* YOUR INSTRUCTIONS
Exclude images; transcribe the rest of the data exactly.

* SOURCE DATA
------------------------------------------------

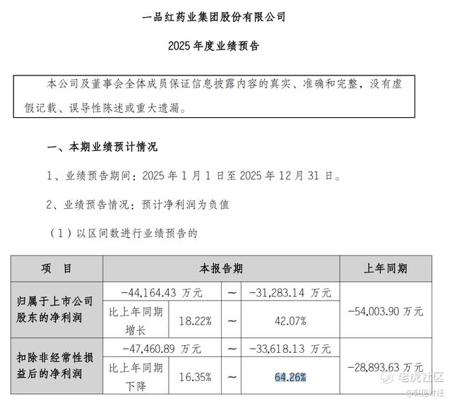 近期,一品红 $一品红(300723)$ 发布了2025年全年业绩预告,预告显示,预计2025年净亏损3.13亿元至4.42亿元,同比增长18.22%至42.07%,据悉去年同期亏损金额为5.4亿元;扣非净亏损为3.36亿至4.75亿元,同比下滑16.35%至64.26%,去年扣非亏损金额为2.89亿元。
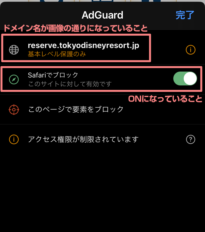 一番上のドメイン名が「reserve.tokyodisneyresort.jp」となっていて、「Safariでブロック」が「ON」になっていることを確認します
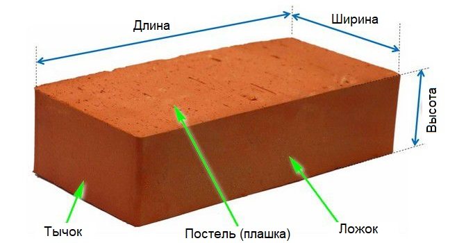 Pour la disposition des poêles, des conduits de cheminée, des cheminées, des briques de plusieurs tailles standard sont utilisées, dans lesquelles trois indicateurs principaux apparaissent: la longueur d'une grande plate-forme (lit ou dés), sa largeur et la hauteur du parallélépipède.

------------------------------------------------

* EXPECTED OUTPUT
 近期,一品红 $一品红(300723)$ 发布了2025年全年业绩预告,预告显示,预计2025年净亏损3.13亿元至4.42亿元,同比增长18.22%至42.07%,据悉去年同期亏损金额为5.4亿元;扣非净亏损为3.36亿至4.75亿元,同比下滑16.35%至64.26%,去年扣非亏损金额为2.89亿元。
 一番上のドメイン名が「reserve.tokyodisneyresort.jp」となっていて、「Safariでブロック」が「ON」になっていることを確認します
 Pour la disposition des poêles, des conduits de cheminée, des cheminées, des briques de plusieurs tailles standard sont utilisées, dans lesquelles trois indicateurs principaux apparaissent: la longueur d'une grande plate-forme (lit ou dés), sa largeur et la hauteur du parallélépipède.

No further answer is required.